The late Howard I. Chapelle, a former Smithsonian Curator, knew more about American Sailing vessels than anybody ever has or will. Of the six or seven offerings He presented on the subject of American Sail, all of which are long acknowledged classics, it is this one which has most interested me.
The growth and development of the United States Navy is often approached through the personalities or through the combat actions of the fleet but rarely had anyone delved into the intricacies and details of the ships themselves. This approach has become considerably more common today but it all began with, and nearly all of today?s efforts and knowledge base can be directly attributed, to Howard I. Chapelle.
In A History of the American Sailing Navy the reader is treated from the outset like the expert he is about to become. The information is detailed and complete and is filled with a copious amount of pictures and plans (Chapelle's own line drawings of Ships of the Line, Frigates, Sloops of War, Brigs, Schooners and Gunboats) which serve to make the history of these long gone warships as immediate and as real as anything you will encounter in your modern world. This is a living history and a tribute to the designers, builders and ships which stood in the gap and protected America's interests on distant stations around the globe during the formative years of the Revolution, Early Republic and Anti-Bellum Years.
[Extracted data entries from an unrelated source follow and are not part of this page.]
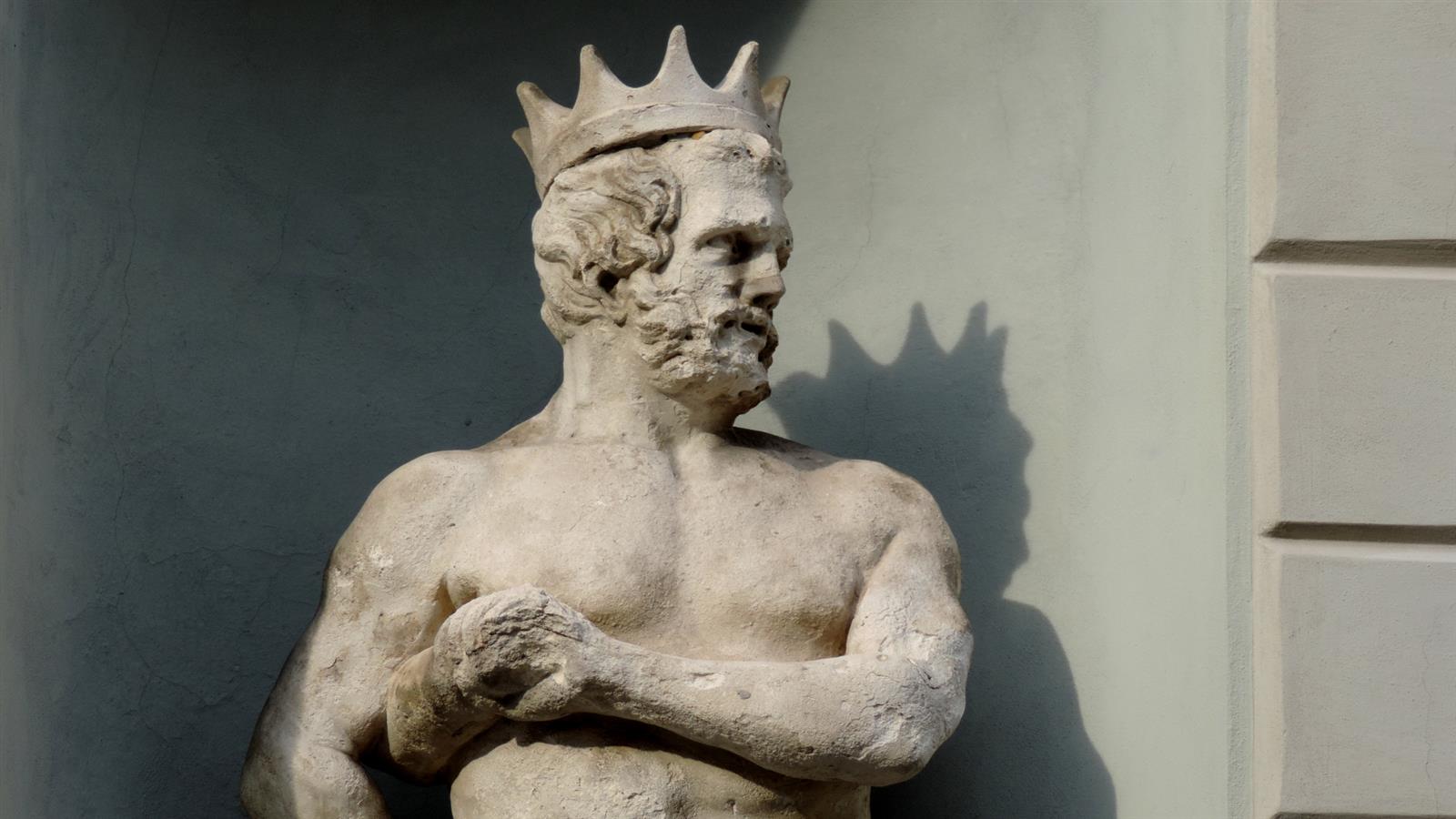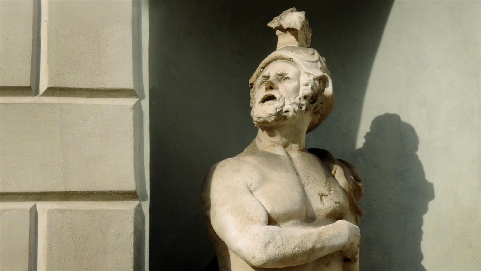 The sculptures on the main façade (Apollo among the muses of Tragedy and Lyric) as well as those of the niches of the basement (Pluto and Mars) were attributed to Antonio Bosa, Canova's student. On the same façade are also five cannon balls, to remember the bombing by the French navy experienced by the city in 1813.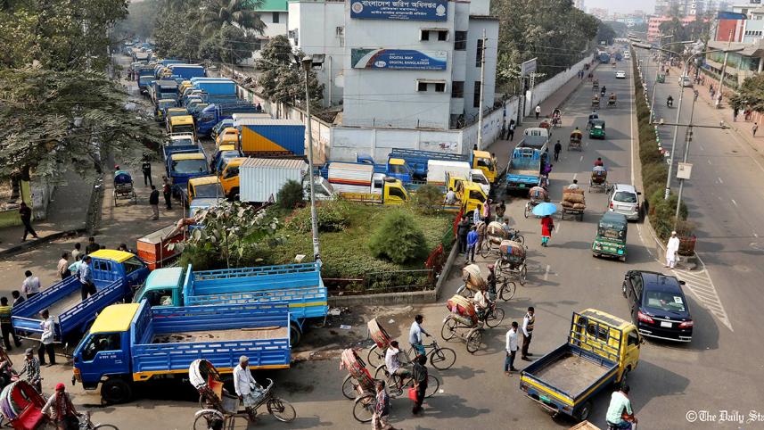 In this photo: Illegally parked trucks occupy over half of a street near Satrasta intersection in Tejgaon yesterday. Former mayor AnnisulHuq had removed an illegal truck stand from the adjacent road but the same thing appears to be making a comeback in his absence. Photo: Anisur Rahman
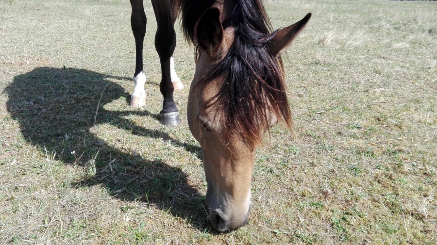 Une fois que je m'en suis sortie, j'attache Coup d'Etat et mets Flash au pré. Les retrouvailles faites, je m'occupe du grand. Pendant que je le brosse, je tourne la tête vers le nain, que je vois le nez dans la pierre à sel. C'est vrai qu'ils n'en ont pas dans leur pré... J'en reparle plus tard. J'ai croisé le maréchal de Coup d'Etat, qu'il jette un œil à ses pieds (c'est le mari de la proprio de Tortilla). Puis, nous voilà partis en balade avec le vieux Zazouille.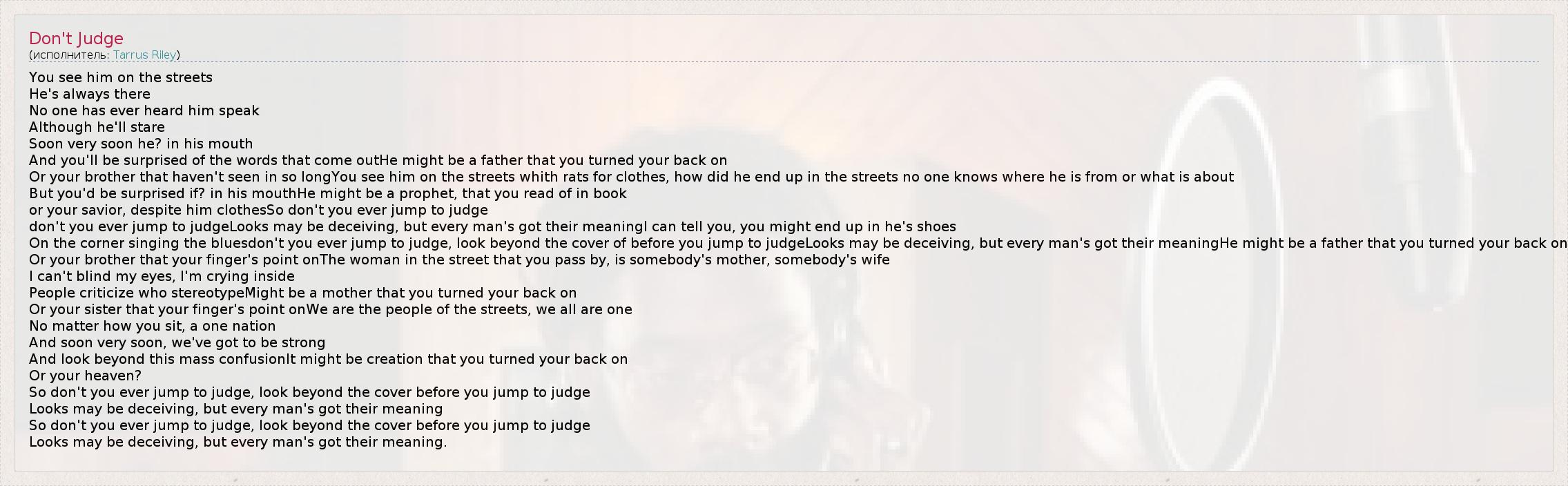 You see him on the streets He's always there No one has ever heard him speak Although he'll stare Soon very soon he? in his mouth And you'll be surprised of the words that come outHe might be a father that you turned your back on Or your brother that haven't seen in so longYou see him on the streets whith rats for clothes, how did he end up in the streets no one knows where he is from or what is about But you'd be surprised if? in his mouthHe might be a prophet, that you read of in book or your savior, despite him clothesSo don't you ever jump to judge don't you ever jump to judgeLooks may be deceiving, but every man's got their meaningI can tell you, you might end up in he's shoes On the corner singing the bluesdon't you ever jump to judge, look beyond the cover of before you jump to judgeLooks may be deceiving, but every man's got their meaningHe might be a father that you turned your back on Or your brother that your finger's point onThe woman in the street that you pass by, is somebody's mother, somebody's wife I can't blind my eyes, I'm crying inside People criticize who stereotypeMight be a mother that you turned your back on Or your sister that your finger's point onWe are the people of the streets, we all are one No matter how you sit, a one nation And soon very soon, we've got to be strong And look beyond this mass confusionIt might be creation that you turned your back on Or your heaven? So don't you ever jump to judge, look beyond the cover before you jump to judge Looks may be deceiving, but every man's got their meaning So don't you ever jump to judge, look beyond the cover before you jump to judge Looks may be deceiving, but every man's got their meaning.

If you are interested in American Naval History or history in a general sense, you will come to cherish this book in the same manor as a family bible or a photo album of your children's baby pictures. It is quite simply the best book on the subject that has been (or likely ever will be) written. My apologies to the wonderful and brilliant author Donald L. Canney who, in his book Sailing Warships of the U.S. Navy, tried in vain to better The History of the American Sailing Navy but failed.. Since you can not fix that which is not broken and you can't make something that is perfect better...Mr. Canney's efforts fell short! A+ for Chapelle. B+ for Canney (who is usually an A or A+ level author). This said I own and appreciate both of these aforementioned books.